Promis j’y penserai ! Où en êtes-vous aujourd’hui avec ce concours de Miss prestige National ?

L’aventure a commencé il y’a déjà 4 ans. Les gens y ont adhéré. Il y’a eu un sondage dans Aujourd’hui en France en 2012 qui demandait aux français si la Miss de l’année était la Miss France ou la Miss prestige. Plus de 60% ont répondu que c’était la Miss de Geneviève ! Pour les gens le nom de De Fontenay est scotché à Miss France.

Quelle est la différence entre votre concours et celui de Miss France ?

Il n’y en a pas à première vue, ce sont les mêmes critères de sélections des miss. En revanche les miennes doivent avoir de la dignité, ne rien faire de dégradant pour l’image de la femme. Avoir le respect de soi-même et des autres.

Si je vous dis « réussir sa vie », qu’est-ce que cela vous évoque ?

Pour moi c’est vivre en paix avec sa conscience en restant fidèle et digne.

Considérez-vous avoir réussi quelque chose ?

J’ai eu la chance de partager ma vie avec Louis De Fontenay, qui était un homme exceptionnel et qui a fait ce que je suis.

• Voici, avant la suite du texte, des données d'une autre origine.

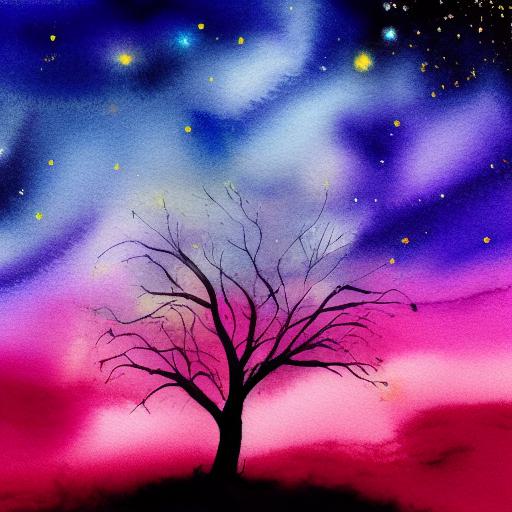 A watercolor of a night sky with a tree silhouette
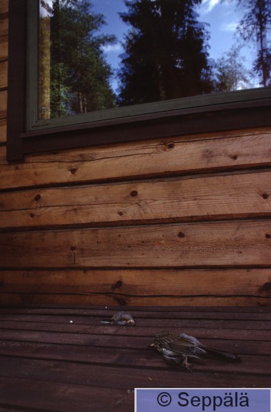 Ikaalinen Luhalahti Pääniemi Räkättirastas ja jokin muu lintu on törmännyt ikkunaan, koska siitä heijastuu metsä.
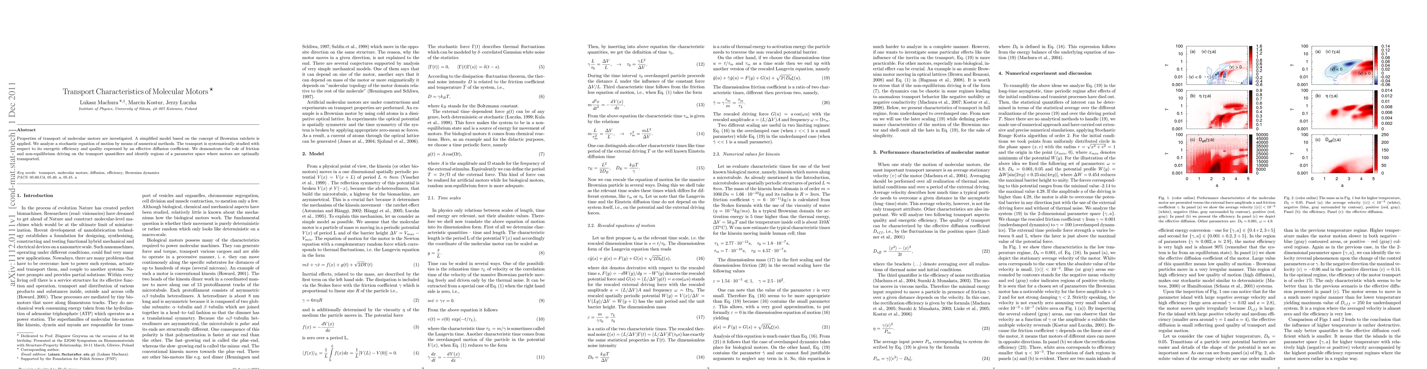 Properties of transport of molecular motors are investigated. A simplified model based on the concept of Brownian ratchets is applied. We analyze a stochastic equation of motion by means of numerical methods. The transport is systematically studied with respect to its energetic efficiency and quality expressed by an effective diffusion coefficient. We demonstrate the role of friction and non-equilibrium driving on the transport quantifiers and identify regions of a parameter space where motors are optimally transported.

Vivre avec lui était un privilège, il y’avait une communion d’esprit. Avoir vécu cela est déjà une réussite, oui.

Quand j’y pense, je me dis que le partage et la disponibilité pour les autres est également essentielle. Je vous parlais à l’instant des fans qui viennent m’aborder au quotidien. Beaucoup me disent que je suis la seule personnalité avec laquelle ils osent le faire. C’est mon plus beau compliment.

Vous êtes donc heureuse de la vie que vous avez menée jusqu’ici ?

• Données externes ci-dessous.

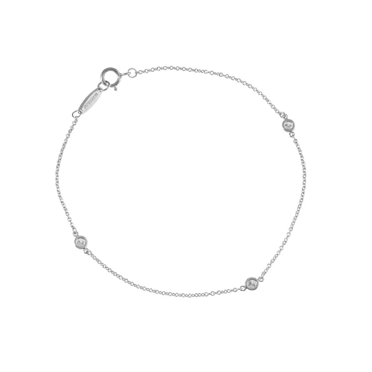 1970年代ファッションミューズとして注目を集めながら、1974年に『TIFFANY&Co.(ティファニー)』のデザイナーに就任して以来、圧倒的な存在感と天性の才能で世界を魅了した、パワフルウーマン“エルサ・ペレッティ”。優美なチェーンとベゼルセッティングのストーンの組み合わせが際立つ、エルサ・ペレッティの不朽の名品「DBY(ダイヤモンド・バイザヤード)」は、ダイヤモンドの身に着け方を永遠に変えた画期的なコレクションとまで言われています。繊細なチェーンと、3粒のベゼルセッティングのティファニーダイヤモンドの組み合わせが際立つブレスレット。円形のマテリアルにセットされたダイヤモンドがどこか有機的で、柔らかな印象を放ち、手元を煌めきで彩ります。
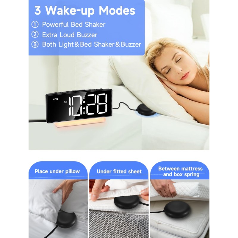 - Strong Wired Vibration Shaker & Adjustable Volume: The clock comes with a 78" long wired bed shaker that can be placed under the mattress to wake you up without disturbing others. With a maximum volume of 105dB and 4 adjustable levels, it is suitable for waking up kids, teens, and students effectively
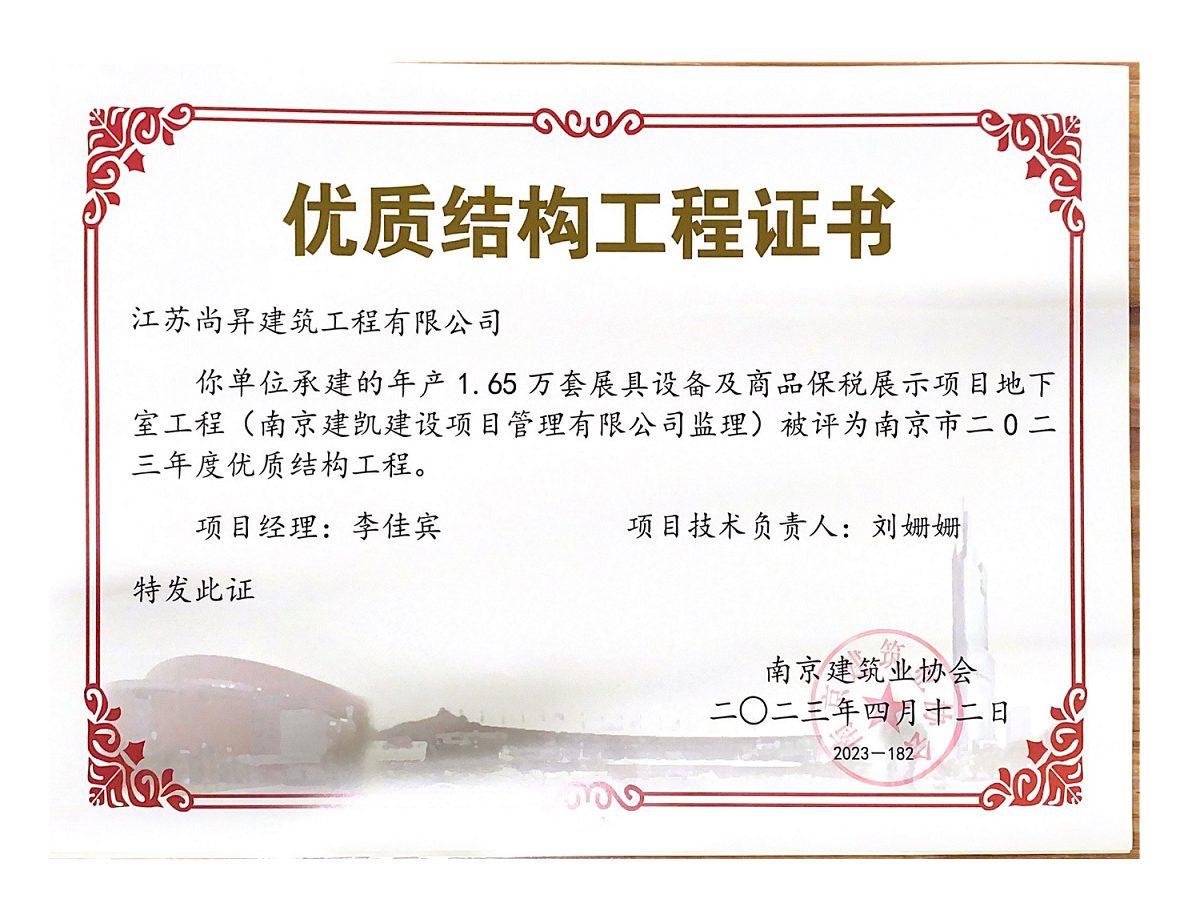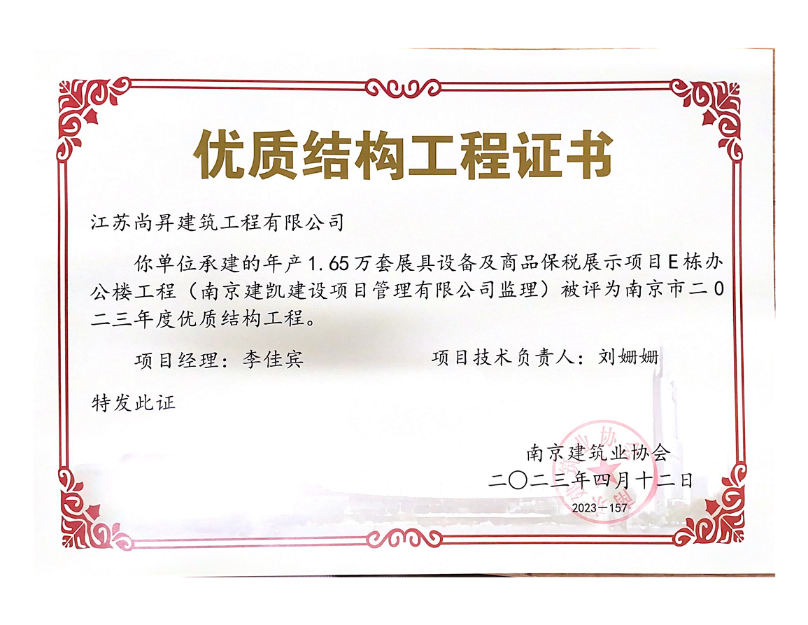 年產(chǎn)1.65萬套展具設備及商品保稅展示項榮獲“2023年度優(yōu)質(zhì)結(jié)構(gòu)工程”

Oui. J’estime que j’ai une belle vie et que j’ai de la chance. J’ai eu des malheurs comme tout le monde, mais je suis une privilégiée. Je me le dis tous les matins.

Si vous deviez retenir un moment marquant dans votre vie, quel serait-il ?

Sans hésiter le jour de ma rencontre avec Louis De Fontenay, qui m’a donné deux fils Ludovic et Xavier.

Au-delà de Miss Prestige, quelle est votre actualité du moment?

J’anime tous les jours à 8h45 « les 2 minutes de Geneviève De Fontenay » sur MFM Radio, émission dans laquelle je traite de sujets d’actualité avec mon franc parlé habituel.

Je pars aussi régulièrement aux quatre coins de la France participer à des foires commerciales, des salons de mariages et des projets associatifs avec dédicaces et photos.

Merci beaucoup Geneviève. Quelques questions/réponses rapides pour finir :

Un message aux lecteurs/lectrices ?

Qu’ils essayent de garder leur dignité en toute circonstance. Qu’ils se respectent eux-mêmes et qu’ils respectent les autres.

Un regard sur votre parcours?

Je me dis que je n’ai pas fait de mal à l’humanité. J’aurais essayé de donner un peu de rêve.

Une dernière envie ?

Que les canons de la beauté remplacent ceux de la guerre. Hélas ça n’en prend pas le chemin en ce moment.